An Analysis of Forest Area Change in India and its NE-Region on Google Earth Engine.

Updated: Nov 6, 2020


Before starting of let us first understand and have a short brief on the google earth engine, so

- What is Google Earth Engine(GEE)? According to the developers of it, Google Earth Engine is a platform for scientific analysis and visualization of geospatial datasets, for academic, non-profit, business, and government users. It hosts satellite imagery and stores it in a public data archive that includes historical earth images going back more than forty years. The images, ingested on a daily basis, are then made available for global-scale data mining. Earth Engine also provides APIs and other tools to enable the analysis of large datasets.

Now, the second question which arises is that, - What types of analyses can we do using the Google Earth Engine?

We can answer large-scale research questions in an efficient way that really was just not possible before. We can use large geospatial datasets to address a plethora of questions and challenges facing humanity in the modern world. It's also possible to import your own georeferenced imagery.

 

So let us first understand some of the basic vocabulary we will use most often,

ee.ImageCollection: An ImageCollection is a stack or sequence of images. An ImageCollection can be loaded by pasting an Earth Engine asset ID into the ImageCollection constructor. You can find ImageCollection IDs in the data catalog of any dataset.

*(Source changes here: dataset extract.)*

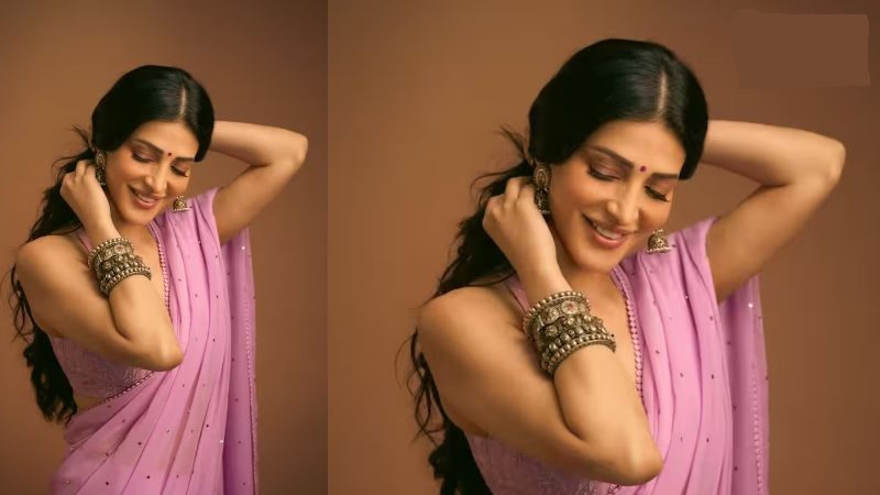અભિનેત્રી શ્રુતિ હાસન વારંવાર તેના લુક માટે હેડલાઇન્સમાં રહે છે. તાજેતરમાં, અભિનેત્રીએ ફરી એકવાર તેના પરંપરાગત અવતારથી બધાનું ધ્યાન ખેંચ્યું. શ્રુતિએ ગુલાબી સાડીમાં પોતાની અદભુત તસવીરો શેર કરી, જે હવે સોશિયલ મીડિયા પર વાયરલ થઈ રહી છે. શ્રૃતિ પોતાના સોશિયલ મીડિયા પર ખૂબ એક્ટિવ છે. એક્ટ્રેસે તાજેતરમાં સાડી લૂક ધરાવતી કેટલીક તસવીર સોશિયલ મીડિયામાં પોસ્ટ કરી હતી.આ ફોટોમાં શ્રૃતિ પિંક સાડીમાં જોવા મળી રહી છે. સાડીમાં પણ તેણે મનમોહક પોઝ આપ્યા હતા. પિંક સાડી સાથે તેમણે મસ્ત પ્રાચીન જ્વેલરી પહેરી છે. પોતાનો લૂક કંપ્લિટ કરવા માટે તેણે માથા પર મરૂન રંગનો ચાંદલો કર્યો હતો. ખાસ વાત તો એ છે કે, આ લૂકમાં તેમણે ખૂબ ઓછો મેકઅપ કર્યો છે.તમામ ફોટોમાં તેનો સિમ્પલ લૂક દેખાઈ રહ્યો છે. સામાન્ય રીતે કોઈપણ ફોટોશૂટમાં એક્ટ્રેસ એક અલગ મેકઅપ કરતી હોય છે. શ્રૃતિ ઓછામાં ઓછો મેકઅપ કરીને ફેન્સને ચોંકાવી દીધા હતા.સાડીમાં પણ એના એકથી એક ચડિયાતા પોઝા આપ્યા હતા. દરેક ફોટોમાં એની નેચરલ બ્યૂટી જોવા મળી હતી. શ્રૃતિની આ તસવીરને ફેન્સ જોરશોરથી વાયરલ કરી રહ્યા છે. સાદગીભર્યો અંદાજ જોવા મળતા ફેન્સે કોમેન્ટનો વરસાદ કર્યો હતો. એક ફેન્સે તે એવી કોમેન્ટ કરી દીધી હતી કે, આય..હાય…લાજવાબ. એક યુઝર્સે લખ્યું હતું કે, શ્રૃતિનો જવાબ નથી. એક યુઝરે તો માત્ર કિસ વાળું ઈમોજી મૂકીને કોમન્ટ કરી હતી. હકીકત એ પણ છે કે, શ્રૃતિ સાડી લૂકમાં પણ મસ્ત લાગી રહી છે. જ્યારે ગર્લ્સ આને પર્ફેક્ટ સાડી ફોર પાર્ટી માની રહી છે. વી નેન્કું બ્લાઉઝ અને સાડીને પર્ફેક્ટ પહેરીને શ્રૃતિએ ફોટો ક્લિક કરાવ્યા હતા. શ્રૃતિ કોલ મી બે નામની વેબસીરિઝમાં જોવા મળશે. આ સીરિઝમાં તે અનન્યા સાથે સ્ક્રિન શેર કરી રહી છે. આ વેબસીરિઝનું શુટિંગ થાઈલેન્ડમાં શરૂ થયું છે. સંપૂર્ણ સ્ક્રિપ્ટ ફાઈનલ થયા બાદ શ્રૃતિએ આ સીરિઝ કરવાની તૈયારીઓ બતાવી હતી. જોકે, કોલ મી બે વેબસીરિઝની આ બીજી સીઝન છે. આ સીરિઝનું શુટિંગ ફુકેટ આઈલેન્ડ પર થઈ રહ્યું છે. જોકે, આ વખતે સીરિઝ કઈ થઈ થીમ પર છે એ જાહેર થયું નથી. એ વાત નક્કી છે કે, શ્રૃતિ આ સીરિઝમાં એક નવા અવતારમાં જોવા મળશે.

ee.Image: Images are composed of bands and a dictionary of properties. Raster data are represented as Image objects in Earth Engine. Images are composed of one or more bands and each band has its own name, data type, scale, mask, and projection. Each image has metadata stored as a set of properties. We can get Image from ImageCollection with the help of the `ee.ImageCollection` function.

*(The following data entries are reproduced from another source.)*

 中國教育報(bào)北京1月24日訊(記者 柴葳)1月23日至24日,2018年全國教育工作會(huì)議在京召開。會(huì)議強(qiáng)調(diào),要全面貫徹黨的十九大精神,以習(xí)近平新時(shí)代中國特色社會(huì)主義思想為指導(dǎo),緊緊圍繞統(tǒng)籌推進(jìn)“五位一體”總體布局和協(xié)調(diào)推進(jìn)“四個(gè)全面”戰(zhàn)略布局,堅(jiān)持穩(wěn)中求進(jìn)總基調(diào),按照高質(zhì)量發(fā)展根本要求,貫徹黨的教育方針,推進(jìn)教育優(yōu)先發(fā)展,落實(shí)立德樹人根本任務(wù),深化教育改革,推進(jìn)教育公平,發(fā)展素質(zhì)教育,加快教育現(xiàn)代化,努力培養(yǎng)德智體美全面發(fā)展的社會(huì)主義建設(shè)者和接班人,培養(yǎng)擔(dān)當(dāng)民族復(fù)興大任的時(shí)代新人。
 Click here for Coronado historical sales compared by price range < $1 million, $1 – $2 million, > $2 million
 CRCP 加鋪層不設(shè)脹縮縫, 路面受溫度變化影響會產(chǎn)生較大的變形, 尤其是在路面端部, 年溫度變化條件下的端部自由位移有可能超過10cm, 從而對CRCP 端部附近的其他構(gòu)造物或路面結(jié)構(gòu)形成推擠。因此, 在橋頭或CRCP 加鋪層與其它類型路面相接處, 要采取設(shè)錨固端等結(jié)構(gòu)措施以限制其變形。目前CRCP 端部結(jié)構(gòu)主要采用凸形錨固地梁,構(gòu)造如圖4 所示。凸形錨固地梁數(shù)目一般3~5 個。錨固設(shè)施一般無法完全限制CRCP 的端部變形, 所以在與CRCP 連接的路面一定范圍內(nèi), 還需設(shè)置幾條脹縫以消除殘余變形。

Bands: Images in Earth Engine are made up of one or more bands. Each band in an image has its own name, pixel values, pixel resolution, and projection. As you'll soon discover, the SRTM image has one band: 'elevation'.

 

Analysis of Forest Area Change in India(2000-2019):

Before starting the analysis make sure you have: 1. Signed up to the GEE platform, and have the access to the GEE Code editor.

2. Downloaded the shapefiles containing the boundaries of India from here: Click

3. Basic knowledge in JavaScript.


At first and foremost we'll need to import our downloaded shapefile and import the dataset with which we will be working on.

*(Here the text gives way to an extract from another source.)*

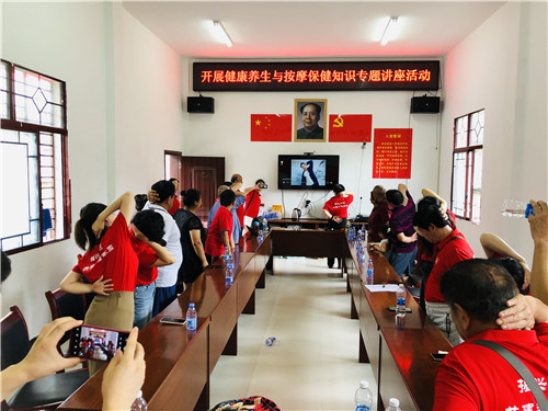 21日上午,离退休四支部书记潘亚非用通俗易懂的语言,从养生保健概念、合理起居饮食、老年人多发病等几个方面进行了宣讲。潘亚非现场演示《三焦操》按摩手法,帮助村民掌握科学的中医养生保健知识,养成健康的生活方式。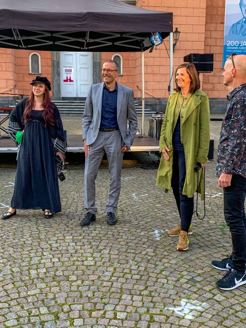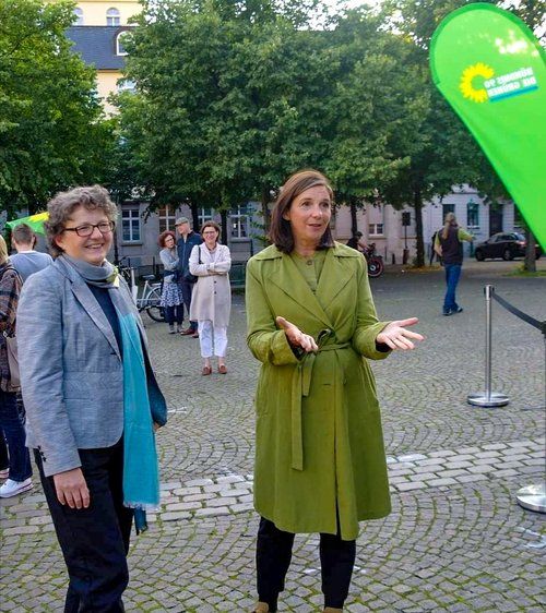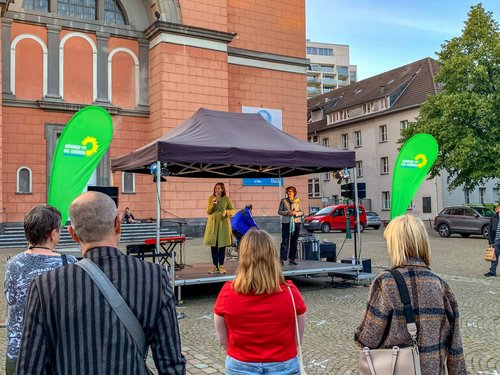 Die Fraktionsvorsitzende im Deutschen Bundestag von BÜNDNIS 90/DIE GRÜNEN, Katrin Göring-Eckardt hat am 24. August 2021 um 19 Uhr gemeinsam mit der Wuppertaler Direktkandidatin Anja Liebert an einer Fragerunde auf dem Laurentiusplatz in Wuppertal-Elberfeld teilgenommen. Eröffnet wurde die Veranstaltung mit einem sehr persönlichen Lied der Musikerin Anna Luca, deren Großvater und seine Wertschätzung der Natur Inspiration für die Sängerin war, Teil der Grünen zu sein.

By clicking on the `Assets` tab present on the left panel, click on the `New` button, and wait for the shapefiles to get uploaded. After the upload is completed by clicking on the `->` and Import it in the script, and change the variable name to India.

Alternatively, this can also be done with codes as :

var india = ee.FeatureCollection("users/<username>/IndiaBoundary");

Dataset: Results from time-series analysis of Landsat images in characterizing global forest extent and change. It contains 13 bands. which are:

"treecover2000", "loss", "gain", "lossyear", "first_b30", "first_b40",  "first_b50", "first_b70", "last_b30", "last_b40", "last_b50", "last_b70", and "datamask"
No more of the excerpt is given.